What you are asked to do:
The reply is a verbatim copy of the listing below with its images dropped.

Supplied information:

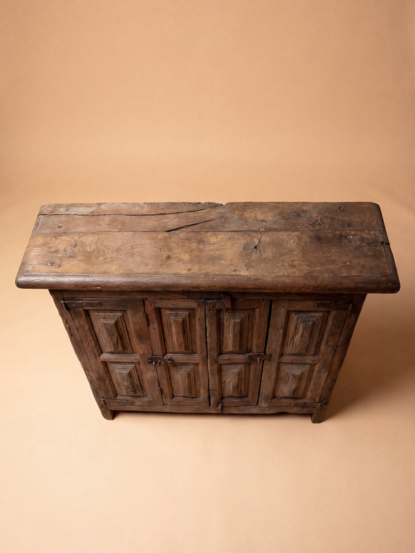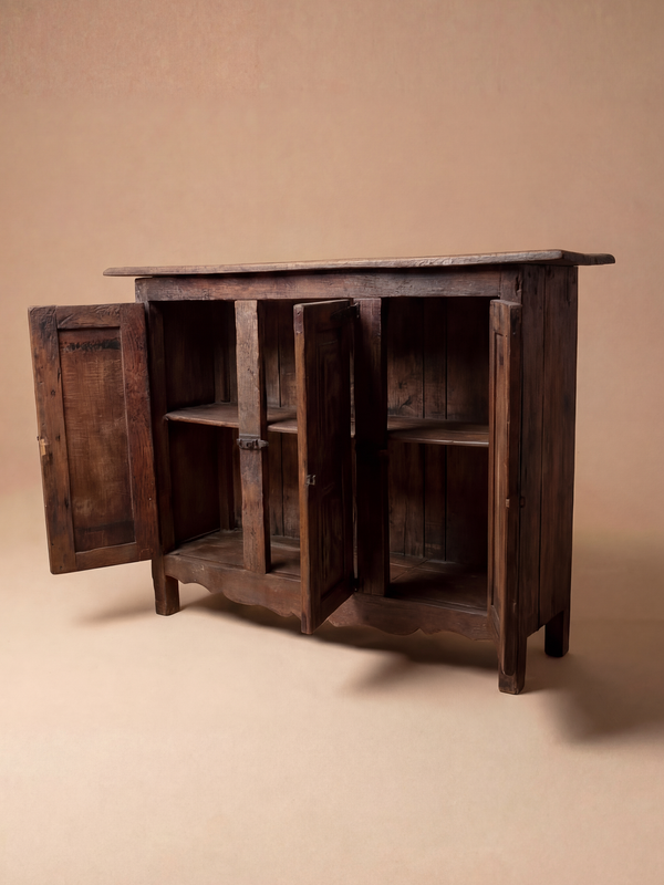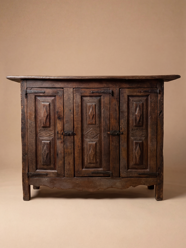 Ce buffet en chêne incarne la simplicité expressive du mobilier rural français du XIXe siècle. Sa façade à quatre portes est animée par un décor sculpté de panneaux à motifs géométriques, naïfs et profondément ancrés dans une tradition vernaculaire. Les ferrures en fer forgé, aux formes rudimentaires, renforcent le caractère authentique de l’ensemble. Le bois, marqué par le temps, révèle une patine dense et vibrante, faite de nuances brunes, d’usures et d’irrégularités qui témoignent de son usage quotidien. Le plateau, large et légèrement déformé, conserve les traces d’une vie domestique, apportant une dimension presque tactile à la pièce. À la fois fonctionnel et profondément sculptural, ce meuble dégage une présence sincère et intemporelle, où la main de l’artisan reste perceptible dans chaque détail.
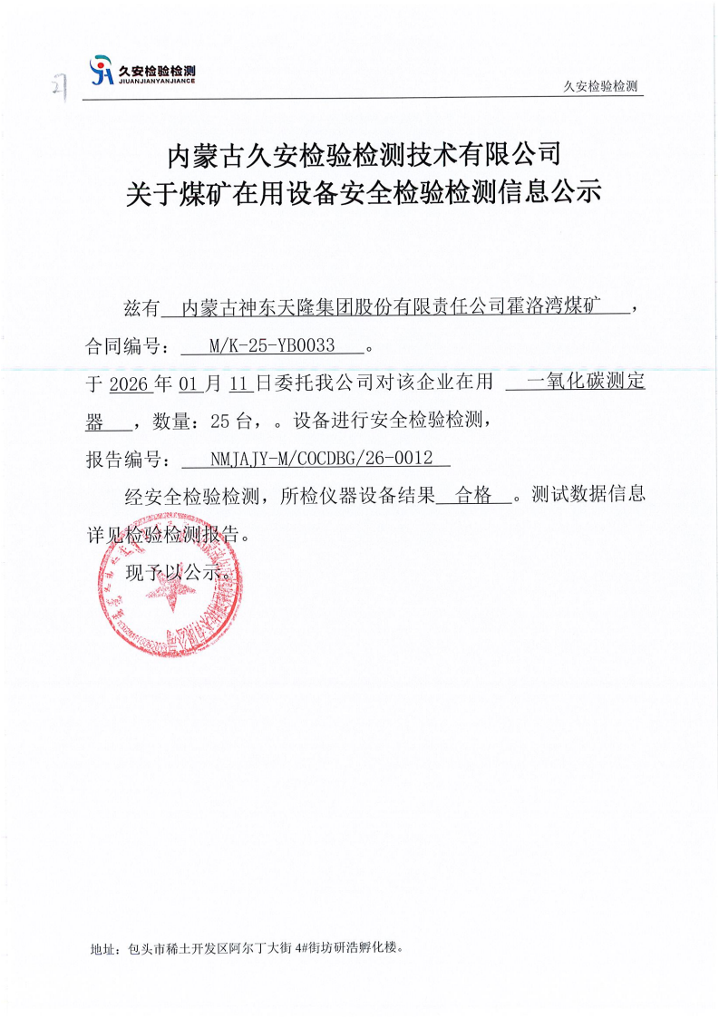 27.内蒙古神东天隆集团股份有限公司霍洛湾煤矿在用设备安全检验检测信息公示
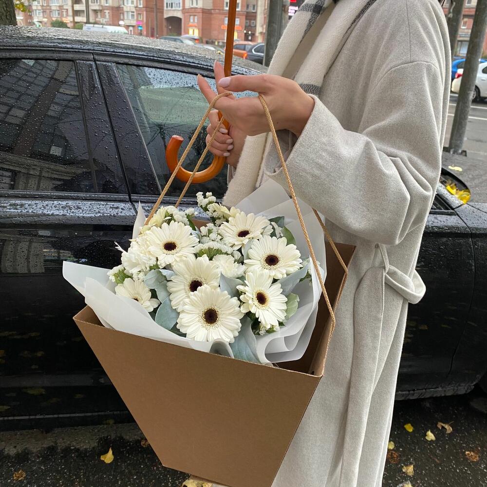 Гербера – 9 шт.Статица – 2 шт.Салал – 5 шт.Упаковка – 3 шт.Гвоздика – 3 шт.Сумка крафт – 1 шт.
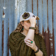 Expertly crafted with genuine natural HuBei turquoise, this bracelet exudes a boho western style. Each piece is handcrafted to ensure its authenticity and unique beauty. Elevate your look with this stunning bracelet, perfect for any occasion.

Response below:
 Ce buffet en chêne incarne la simplicité expressive du mobilier rural français du XIXe siècle. Sa façade à quatre portes est animée par un décor sculpté de panneaux à motifs géométriques, naïfs et profondément ancrés dans une tradition vernaculaire. Les ferrures en fer forgé, aux formes rudimentaires, renforcent le caractère authentique de l’ensemble. Le bois, marqué par le temps, révèle une patine dense et vibrante, faite de nuances brunes, d’usures et d’irrégularités qui témoignent de son usage quotidien. Le plateau, large et légèrement déformé, conserve les traces d’une vie domestique, apportant une dimension presque tactile à la pièce. À la fois fonctionnel et profondément sculptural, ce meuble dégage une présence sincère et intemporelle, où la main de l’artisan reste perceptible dans chaque détail.
 27.内蒙古神东天隆集团股份有限公司霍洛湾煤矿在用设备安全检验检测信息公示
 Гербера – 9 шт.Статица – 2 шт.Салал – 5 шт.Упаковка – 3 шт.Гвоздика – 3 шт.Сумка крафт – 1 шт.
 Expertly crafted with genuine natural HuBei turquoise, this bracelet exudes a boho western style. Each piece is handcrafted to ensure its authenticity and unique beauty. Elevate your look with this stunning bracelet, perfect for any occasion.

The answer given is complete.